Michael found his hands at his mouth, staring desperately at Rich. The faux-smile still played hauntingly on his face. 

“I’m--” Michael started, but Rich just shrugged.

“Whatever. It was the SQUIP. I just wanted it out, and if I needed to…” Rich trailed off, eyes averting. “I felt like it was the only thing I could do.” 

“You should’ve, you  _ could’ve  _ come to me!” Michael shouts, before realising where he is. More quieter: “I could’ve -- I knew somebody. I could’ve helped you that night, is all I’m saying.”

“I was really stupid back then, and besides, in the morning my SQUIP would’ve had it at me for talking with a loser.” He didn’t even finish saying the last word before he hit himself in the head again.

“You should stop doing that.”

“What?”

“This.” Michael mimed the action. “Do you not know you’re doing it?”

“I guess not. My s--” Rich stopped himself, shook his head. “Never mind.”

“No, what is it?” 

“It’s  _ nothing _ ,” he snapped. He jerked his palm up, then stopped, off Michael’s expression.

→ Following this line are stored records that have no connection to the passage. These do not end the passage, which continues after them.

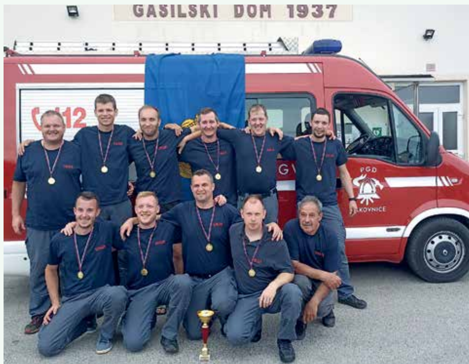
PGD Lakovnice, člani A

V preteklem letu smo bili aktivni tudi na
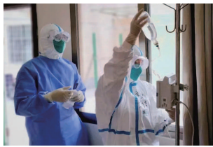
本已是万物苏醒、花木吐绿的时候，但疫情的暴发，给上海人民带来了一场前所未有的“倒春寒”。随着疫情的进展，封控时间的延长，社区居民的就医、配药、随访……一系列问题接踵而至。

进驻中兴镇区外助医志愿服务站的第一时间，前方志愿组便成立了“疫期帮依忙”助医志愿服务队临时党支部，前方志愿组共集结了6名区级机关志愿者以及10名亚运出租车驾驶员，根据工作需要，共细化设置了市区代配药、车队管理、材料交接、药品核对、防疫物资保障、备用金管理、药品消杀等志愿岗位，落实一人一岗、专岗专责，为前方志愿组的高效运转提供了坚实基础和机制保障。
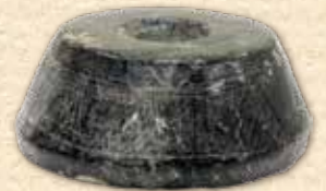
せきせいぼうすいしや 石製紡錘車(大関台遺跡) 所蔵：宇都宮市
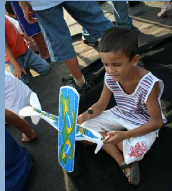
Criança distrai-se com avião, Araguaína/TO

As quase duzentas horas de voo foram capazes de promover a Força Aérea Brasileira como uma instituição formada por profissionais altamente qualificados e motivados. O Circuito Centro-Oeste Nordeste atingiu seu objetivo de despertar
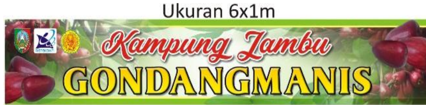
Gambar 5. Desain name board

Plat aluminium adalah lembaran plat atau pelat logam yang ringan dan kuat. Plat aluminium memiliki sifat anti karat, tidak mudah terbakar dan tahan terhadap segala jenis cuaca. Plat jenis ini sendiri mudah dibentuk, sehingga banyak digunakan dalam bidang industri seperti dalam kebutuhan advertising.
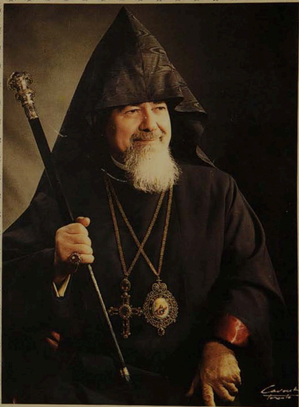
ԵՐԶԱՆԿԱՅԻՇԱՏԱԿ ԵՂԻՇԷ ՊԱՏՐԻԱՐԻ ՏԵՐՏԵՐԵԱՆ
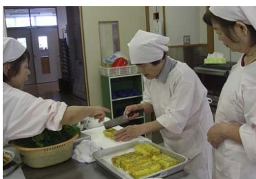
（配食サービスの様子）
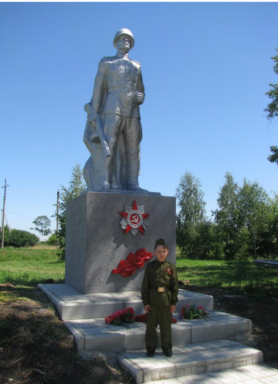
Памятник погибшим в годы Великой Отечественной войны в с. Высокое Башмаковского района Пензенской области.
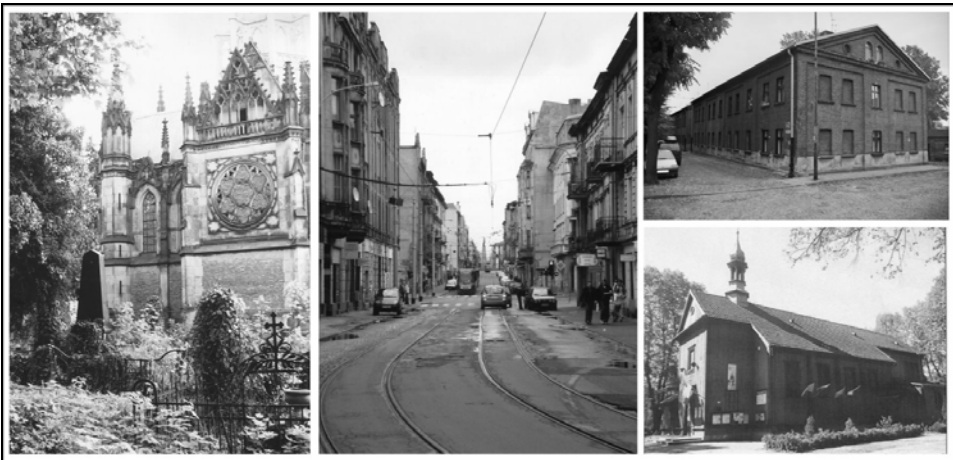
Rys. 4. Miejsca w Łodzi, w których czas się zatrzymał: Cmentarz Stary, ulica Legionów, Księży Młyn, Kościół pw św. Józefa

„Ten odcinek ulicy pozostaje niezmienny od czasów mojego dzieciństwa. Panuje tutaj całkowita stagnacja. Nawet sklep spożywczy Społem, wspaniała relikwii przeszłości, pozostał wciąż w tym samym miejscu”.
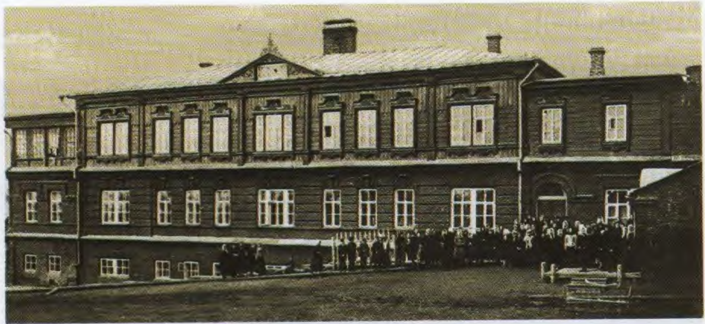
Симбирская чувашская школа

Отлично было поставлено музыкальное образование в кадетском корпусе. Здесь преподавались теория музыки, игра на духовых инструментах, хоровое пение. Для кадетов издавались специальные пособия. Например, в 1882 году преподаватель И.А. Иванов подготовил и издал в Симбирске брошюру «Хрестоматия пения, составленная для кадетов Симбирского кадетского корпуса».
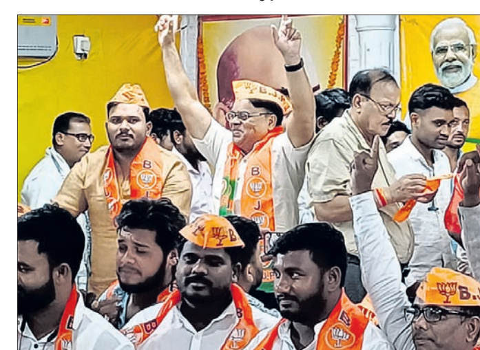
ଭାଜପାରେ ସାମିଲ ହୋଇଥିବା ବରିଷ୍ଠ ନେତୃବୃନ୍ଦ।

ନୂଆପଡ଼ା ନିର୍ବାଚନସଭାରେ ୩ ପ୍ରମୁଖ ଦଳରେ ପ୍ରାର୍ଥୀ ଘୋଷଣା ପରେ ଦଳ ଦଳ ମଧ୍ୟରେ ବିତ୍ରୋହ ହୋଇ ଦଳ ବଦଳ ପ୍ରକ୍ରିୟା ଚାଲିଛି।
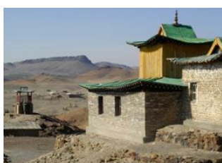
Karakorum 📍 🚗 260km - ⌚ 5h Monastère d'Ongi 📍
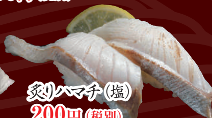
炙りハマチ(塩) 200円(税別)
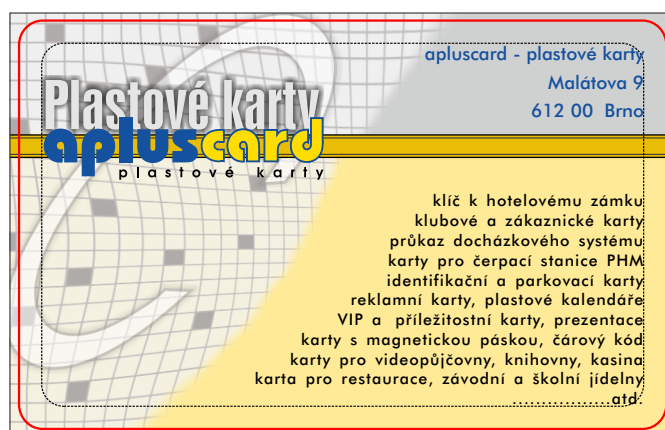
Výsledný produkt - plastová karta, rozměr ISO 85,6 x 54 mm

Žádný objekt s výjimkou pozadí by neměl být blíže než 3 mm od okraje čistého rozměru karty (85,6 x 54 mm). Vzhledem k toleranci tisku může dojít k drobnému posunu grafiky vůči hraně karty, což při menší vzdálenosti objektů od hrany působí rušivě. Pozadí (včetně grafických objektů) tištěné „na spad“ musí dosahovat až k okraji hrubého rozměru (88 x 56 mm). Pokud některý objekt přesahuje hrubý rozměr, musí být oříznut.
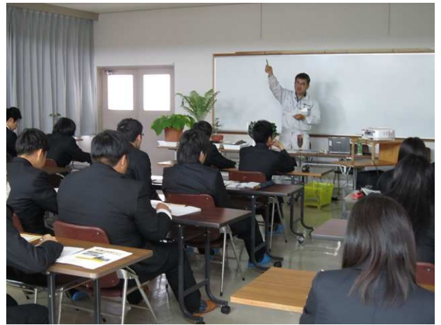
林業試験場の見学
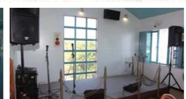
コンサート等も開催されています。
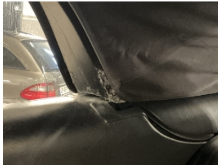
2. Interiør generelt
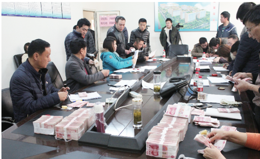
劳动纠纷调解成功 现场发放工资、赔偿金

从2018年年初开始，顺义区总工会启动了大规模职工群体访事件、突发性群体劳动争议事件的应急处置制度，一旦出现以上事件，各级工会领导干部第一时间到达现场，及时疏导解决。事件涉及人数30人以下的，区职工服务（帮扶）中心主任协同合作律所主任30分钟内到达现场，稳定职工情绪，组织疏导稳定工作；事件涉及人数30人以上的，主管副主席30分钟内到达现场，及时联系劳动监察等职能部门共同协调解决，尽快平息事态。对于调解不能达成一致的，对于切实侵害职工合法权益的，将派专家引导职工进入司法程序，为职工提供无偿的法律援助。
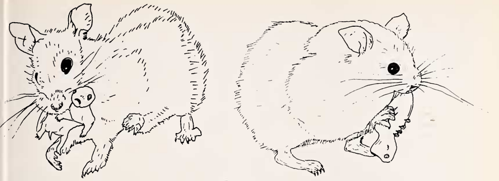
Abb. 1 (links). Aufnehmen des Jungen zum Backentaschentransport: das Kind wird seitlich gefaßt — Abb. 2 (rechts). Mit den Vorderpfoten dirigiert die Mutter den Säugling in die zum Einschieben in die Backentaschen günstigste Lage

durch Drehen und Wenden mit den Vorderpfoten das Junge in die zum Einschieben in die BT günstigste Lage (Abb. 2) oder aber sie nimmt den Kindeskopf ausnahmsweise ohne „Probierbewegungen“ ins Maul auf und schiebt das Junge mit Unterstützung der Vorderpfoten in ihre BT. Der Kindeskörper wird zunächst bis über Körpermitte eingeschoben: die nachschiebenden und zurechtrückenden Vorderpfoten greifen dabei seitlich am Kopf des Jungen an (Abb. 3). Die Mutter unterstützt den Kopf des Kindes mit beiden Vorderpfoten. So kann es in waagerechter Lage, wie auf einer Leitschiene, eingeschoben werden (Abb. 4).
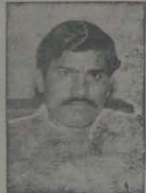
బాబు అంటే భయం

చంద్రబాబును అరెస్టు చేయాలని డిమాండ్ చేస్తున్నారు. అందుకు మద్దతుగా చంద్రబాబును అరెస్టు చేయాలని డిమాండ్ చేస్తున్నారు.

“I think that’s… technically self harm,” Michael said, after a moment.

“Not if it’s my SQUIP.”

A moment of stunned silence before Michael leaned out of his chair, disbelieving

“You… still have your SQUIP?” Michael asked. “How? Didn’t Christine’s one deactivate the others? Like a chain reaction?”

“I don’t  _ know _ ,” Rich sighed frustratedly. “Maybe it’s how long I had it for. Maybe it’s because I depended on it so much that it just… deeply ingrained itself into my brain. I think it’s a part of me, now.  _ Forever. _ ” 

Michael shuddered, then remembered Jeremy, one more time. He stared at him for a moment, trying to figure out the strange sinking feeling in his stomach. 

“Wait, so… You can still hear it? It can control you?” 

“I can’t hear or see it anymore, but it can still kinda do things. To me. Like, uh…” Rich fumbled, fidgeting with his hands, searching for a rational explanation.

“You shivered earlier - that might’ve been it. I get it.” Michael said quickly.

Rich nodded sadly. “Most of the time I don’t even notice. Maybe I can’t even distinguish it from my own… actions. Like I don’t have free will. Hence the...” He touched his palm gently to his forehead and sighed.

“That sucks,” breathed Michael, again at a loss for words. “What can I do?”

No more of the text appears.